Labor induction rates have increased substantially worldwide, and successful cervical ripening remains a key determinant of induction outcomes. Mechanical cervical ripening with a Foley balloon catheter is widely used and considered safe, while nipple stimulation promotes endogenous oxytocin release and represents a physiologic method for stimulating uterine contractions. However, the combined effect of nipple stimulation and balloon catheter use has not been systematically evaluated.

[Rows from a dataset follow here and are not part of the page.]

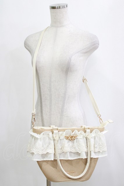 axes femme / レースフリルかごトート アイボリー H-26-01-26-1041-AX-BG-NS-ZH
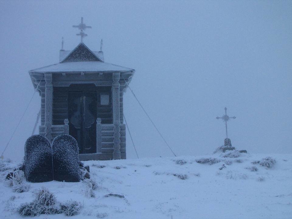 В Карпатах на горе Поп Иван третий день идет снег. Фото
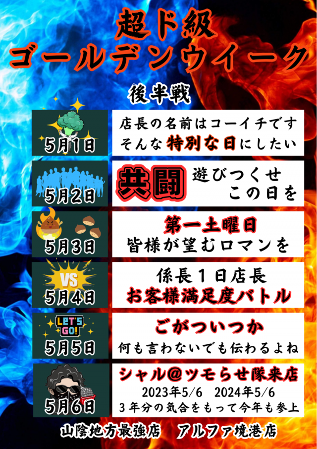 【GW後半戦】スタート!5/1とは、!!
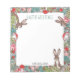 Perfect for anyone who loves bunny rabbits and whimsy, this notepad can be personalized with a name for a custom look! Brown woodland bunnies are scurrying among leaves, ferns and flowers on a grey background. There are also berries and mushrooms for each rabbit to enjoy! Greens, pinks and teal set off the tan animals. Reads, "Easter Greetings" at the top of the white note area and your personaliztion at the bottom - easy to customize using the text template and edit menu. Original artwork and design by Tuzi Williams.
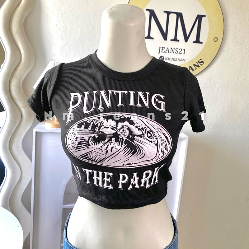 PUNTING N THE PARK CROP TOP KOREAN STYLE RIB KNIT WANITA REMAJA LENGAN PENDEK PREMIUM

This prospective, randomized, double-blinded controlled trial will assess whether the addition of nipple stimulation to Foley balloon catheter cervical ripening improves Bishop score and shortens the induction-to-delivery interval compared with balloon catheter alone. Term pregnant patients (37-42 weeks' gestation) with a singleton, cephalic pregnancy and an unfavorable cervix (Bishop score \<6) requiring labor induction will be randomized to receive either Foley balloon catheter plus standardized nipple stimulation or Foley balloon catheter alone.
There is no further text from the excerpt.